A lender will use your score to help assess an application for a loan and thus decide on the risk associated with lending money. The risk that is decided on will affect whether a customer is accepted for a loan and if so, the interest rate associated to the proposed loan.
Each individual lender will have their own criteria for how to judge your risk. It helps to have a good credit report, although it is not a guarantee to be accepted for a loan.
Any individual can get hold of their own credit report to see their credit scoring situation, and perhaps take steps on how to improve it by evaluating the information on it. The standard cost of a credit report is £2. However some credit report companies offer 30 days free-trials. Be sure to cancel your subscription before the 30 days expires so that you are not hit with charges. By checking the report, you may be able to improve your rating if there are mistakes on it – if so you should inform the credit agency.
A credit report usually holds the following information:
Your credit scoring file also includes your personal situation details such as your name and date of birth, current and previous address, whether you are or not on the electoral register, and if you have committed a fraudulent act.
As mentioned previously, the first step should always be to obtain a copy of your credit report and check for mistakes. If you find any errors, then report them to the credit agency so that they can be removed. This should then improve your credit rating.
Cancel unused credit cards. Unused cards can actually affect your rating as they act as existing credit available to you so could restrict getting “extra” credit. If you have no intention of using a card again,
then cancel it.
Don’t make multiple finance applications. If lenders see an individual making multiple attempts to obtain finance, they may interpret this as a sign of desperation.
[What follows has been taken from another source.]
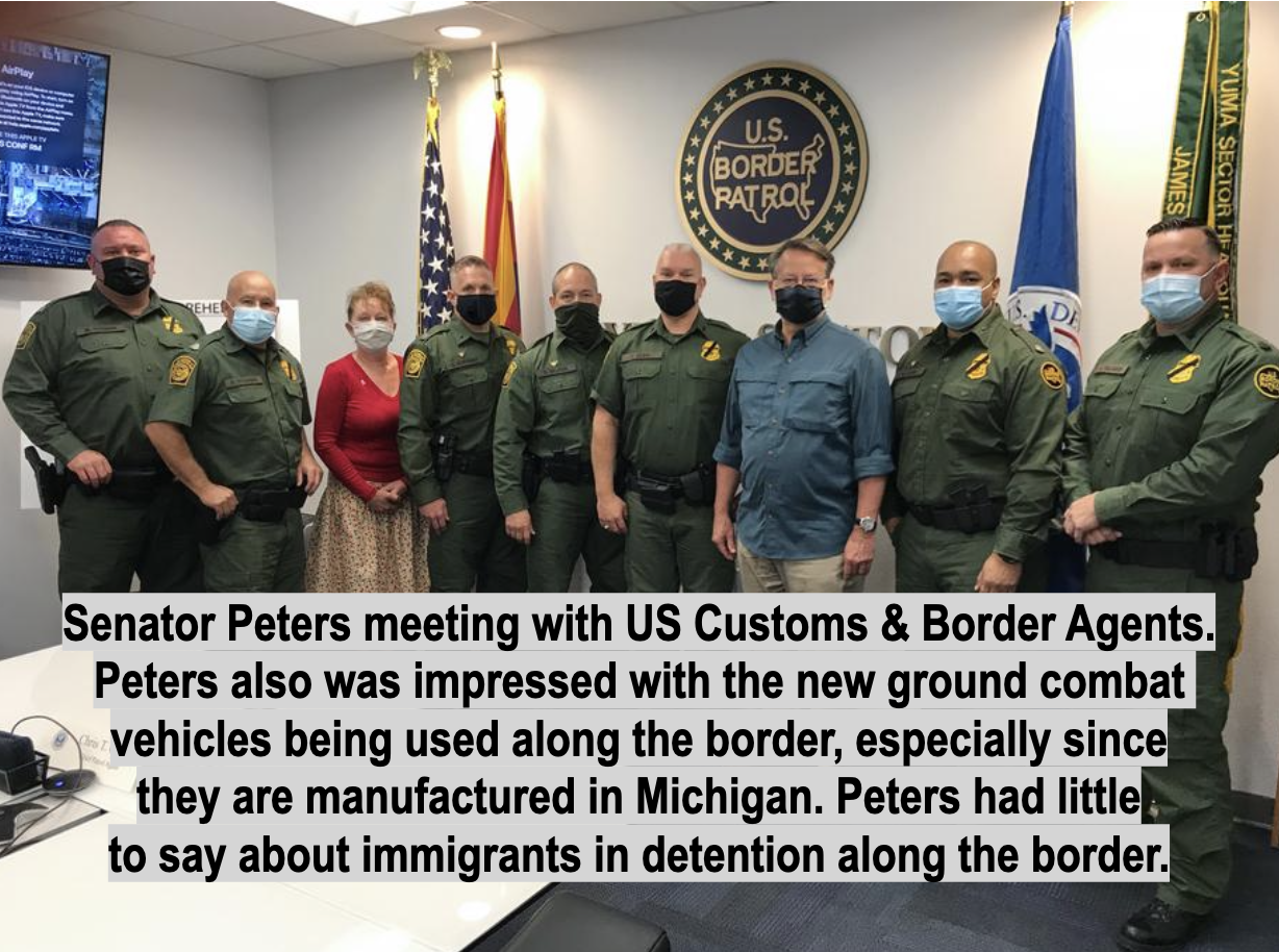 Such a statement from Peters is not surprising, not just because he is Chairman of the Homeland Security, but because he is deeply committed to funneling Pentagon contracts to private companies, like the one based in Warren, Michigan, which makes combat vehicles used by the US Border Patrol, mentioned in the Senator’s Media Release.

It could also be a sign of impending financial difficulties.
Applying less frequently suggests greater stability in your financial affairs.
Do not tarnish your rating by association. Avoid financial links with anyone, individual or organisation, which has a mixed credit history. For example, if your partner has a poor credit rating, it may be in your interest not to have a joint account.
Pay your bills on time. Pretty self-explanatory, but missing payments on bills could have a detrimental effect on your credit rating. What’s more, by paying on time, this portrays you as dependable and in control
of your financial affairs.
Make sure you are on the electoral roll. Again this is good for your rating as it suggests stability and also community involvement. This is always a plus with lenders.
Have a landline number. Again, this suggests stability to a lender.
Stay at one address. Stability etc.
Do not lie on credit application forms. Inconsistencies can have a negative effect on your credit score. Lenders could even consider this fraudulent.
Use a credit-builder prepaid card. Some prepaid cards have a credit-building option that can improve your credit score. The way this works is you are ‘loaned’ an amount, usually £60, by the prepaid card company.
You sign a credit agreement and pay the card company a monthly fee of £5 to repay your £60 ‘loan’. At the end of the year, providing you have not missed any fee payments, this will be recorded on your credit report. It will show as 12 months of successful repayments. However, there are fees, so tread carefully.
And one extra obvious tip – reduce your debts!